- _EXERCISE DIRECTIONS_:
Look through the entries below and copy exactly the part that begins with the line containing "Klein. Bonwit Teller." and ends with the line containing "Seals at Blakeney Point". Do not copy the pictures.

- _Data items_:
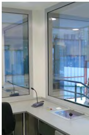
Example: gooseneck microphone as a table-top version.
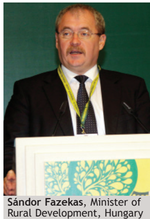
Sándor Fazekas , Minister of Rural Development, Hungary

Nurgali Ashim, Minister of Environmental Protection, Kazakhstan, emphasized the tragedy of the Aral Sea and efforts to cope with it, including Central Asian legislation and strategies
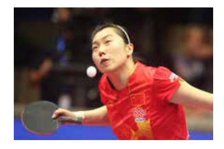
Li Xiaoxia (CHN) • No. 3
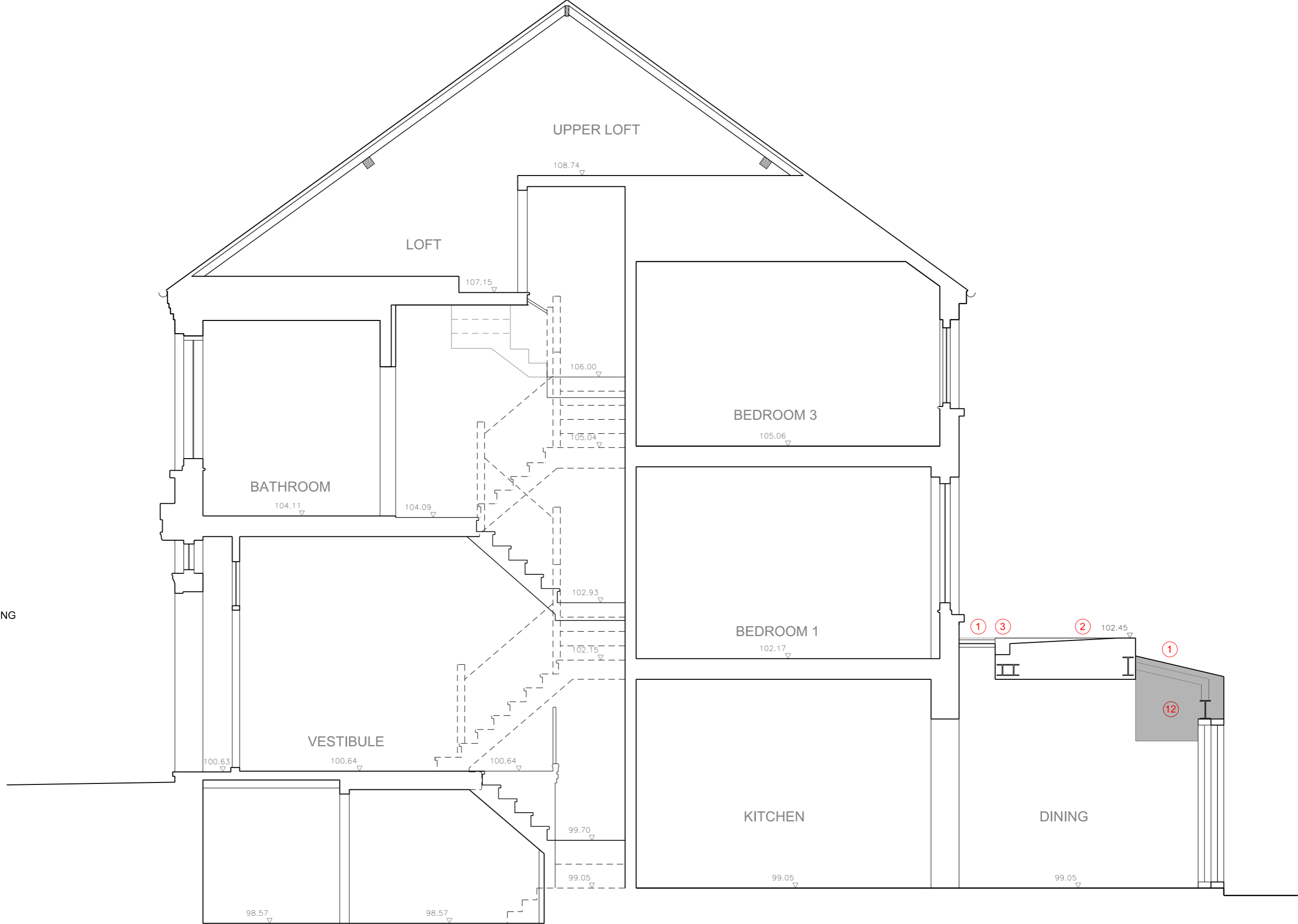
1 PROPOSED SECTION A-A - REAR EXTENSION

--

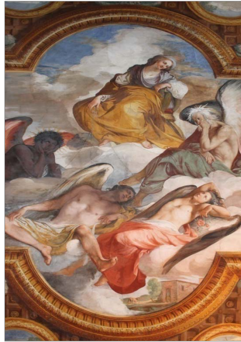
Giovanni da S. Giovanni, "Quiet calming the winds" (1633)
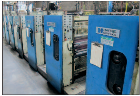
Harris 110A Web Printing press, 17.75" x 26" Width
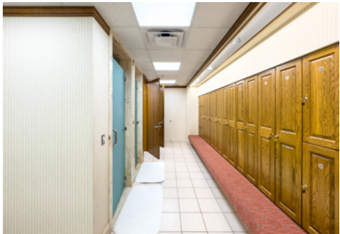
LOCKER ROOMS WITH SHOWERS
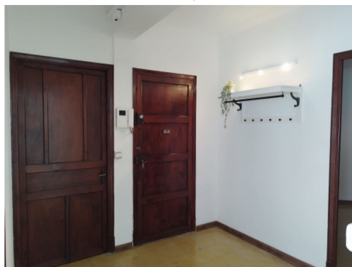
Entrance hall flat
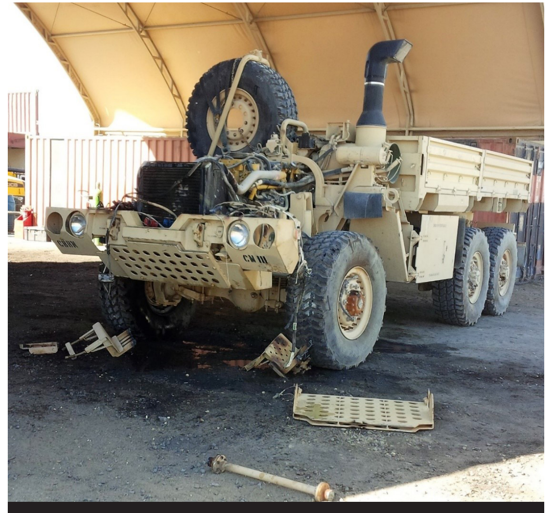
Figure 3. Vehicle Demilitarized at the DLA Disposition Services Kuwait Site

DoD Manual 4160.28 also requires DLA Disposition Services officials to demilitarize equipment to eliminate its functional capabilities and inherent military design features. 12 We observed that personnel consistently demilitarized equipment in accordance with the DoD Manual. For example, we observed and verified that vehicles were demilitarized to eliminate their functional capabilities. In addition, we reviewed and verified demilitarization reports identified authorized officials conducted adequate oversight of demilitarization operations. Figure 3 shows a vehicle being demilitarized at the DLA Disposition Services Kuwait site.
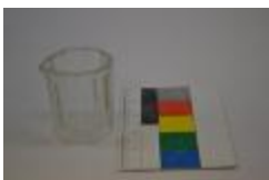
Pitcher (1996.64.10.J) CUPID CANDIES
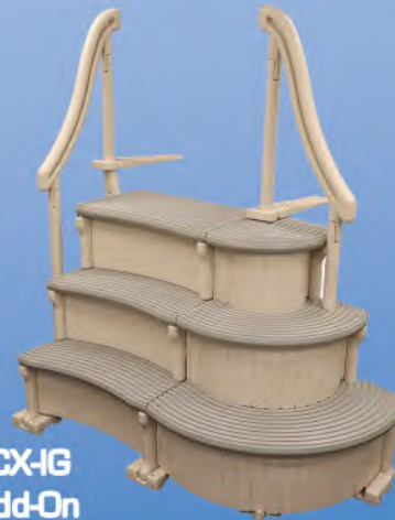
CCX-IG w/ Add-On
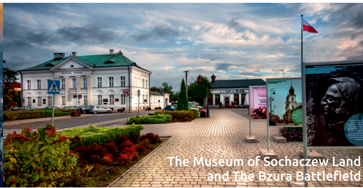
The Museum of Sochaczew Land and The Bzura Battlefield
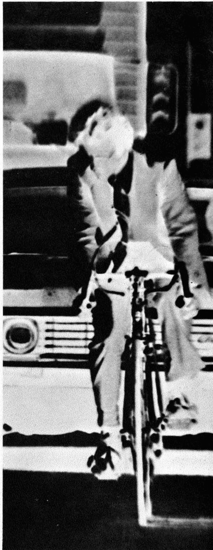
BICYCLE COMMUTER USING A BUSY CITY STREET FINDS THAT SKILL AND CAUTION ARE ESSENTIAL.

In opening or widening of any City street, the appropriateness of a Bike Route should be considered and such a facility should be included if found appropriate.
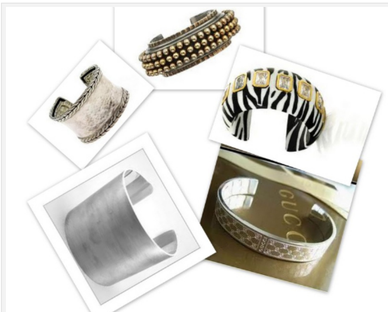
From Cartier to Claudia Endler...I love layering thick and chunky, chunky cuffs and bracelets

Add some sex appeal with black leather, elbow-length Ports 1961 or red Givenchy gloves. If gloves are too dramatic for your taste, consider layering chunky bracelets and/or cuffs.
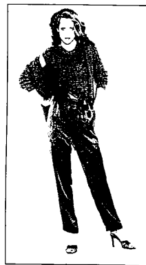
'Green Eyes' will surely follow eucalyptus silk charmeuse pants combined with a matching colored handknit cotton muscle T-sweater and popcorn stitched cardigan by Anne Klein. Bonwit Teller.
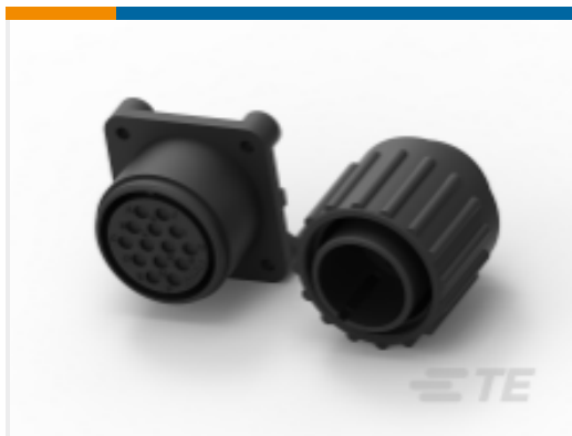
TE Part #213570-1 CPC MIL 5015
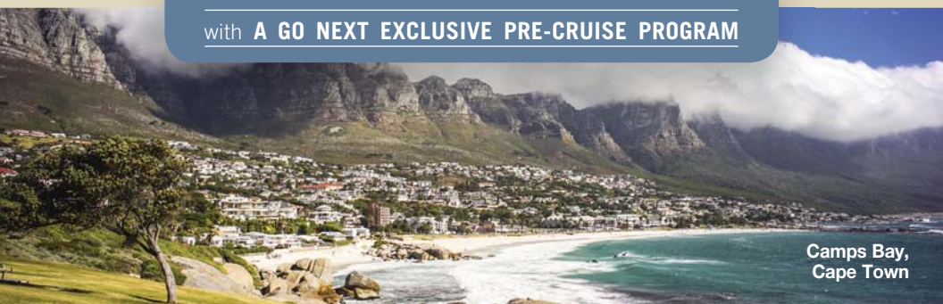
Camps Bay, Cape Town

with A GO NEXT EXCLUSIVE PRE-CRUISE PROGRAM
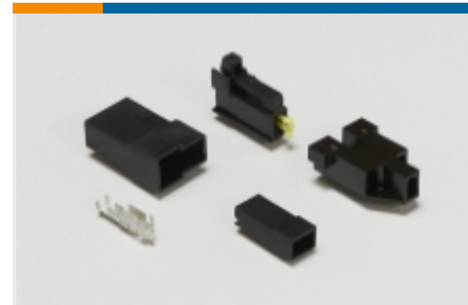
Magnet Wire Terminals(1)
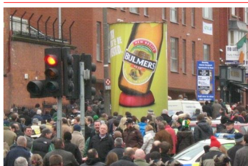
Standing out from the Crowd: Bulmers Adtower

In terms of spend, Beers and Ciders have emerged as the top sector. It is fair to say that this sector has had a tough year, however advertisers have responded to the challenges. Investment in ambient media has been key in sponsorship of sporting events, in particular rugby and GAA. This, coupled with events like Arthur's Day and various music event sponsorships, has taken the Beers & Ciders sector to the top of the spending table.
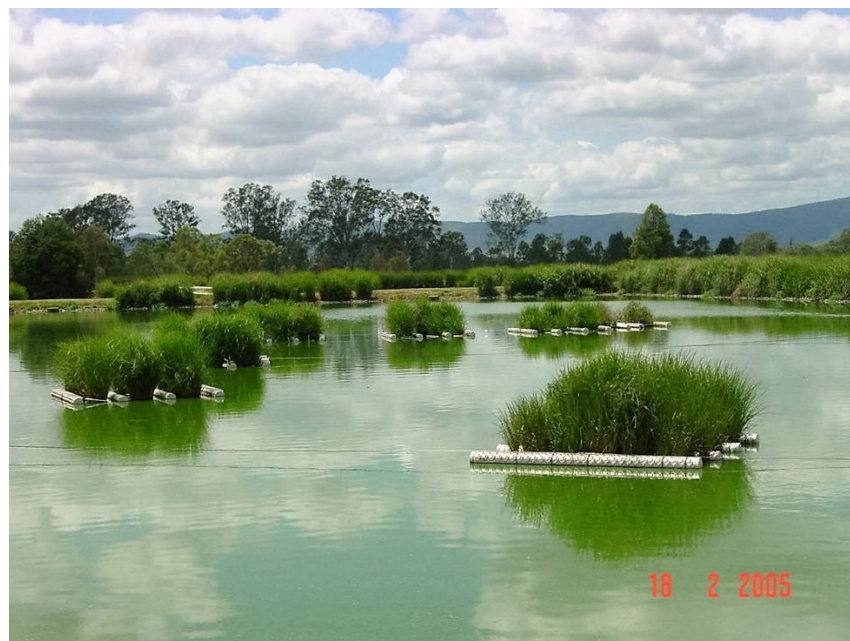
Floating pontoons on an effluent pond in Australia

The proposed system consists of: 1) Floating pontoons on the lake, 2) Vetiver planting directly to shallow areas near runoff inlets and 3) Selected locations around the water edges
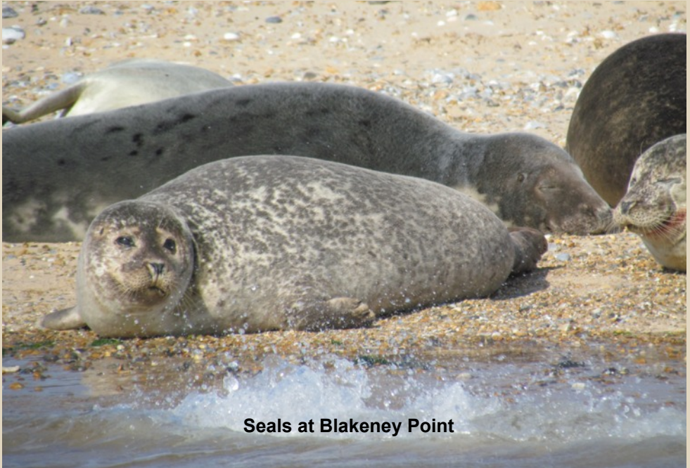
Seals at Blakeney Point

- _THE COMPLETED TASK_:
'Green Eyes' will surely follow eucalyptus silk charmeuse pants combined with a matching colored handknit cotton muscle T-sweater and popcorn stitched cardigan by Anne Klein. Bonwit Teller.
TE Part #213570-1 CPC MIL 5015
Camps Bay, Cape Town

with A GO NEXT EXCLUSIVE PRE-CRUISE PROGRAM
Magnet Wire Terminals(1)
Standing out from the Crowd: Bulmers Adtower

In terms of spend, Beers and Ciders have emerged as the top sector. It is fair to say that this sector has had a tough year, however advertisers have responded to the challenges. Investment in ambient media has been key in sponsorship of sporting events, in particular rugby and GAA. This, coupled with events like Arthur's Day and various music event sponsorships, has taken the Beers & Ciders sector to the top of the spending table.
Floating pontoons on an effluent pond in Australia

The proposed system consists of: 1) Floating pontoons on the lake, 2) Vetiver planting directly to shallow areas near runoff inlets and 3) Selected locations around the water edges
Seals at Blakeney Point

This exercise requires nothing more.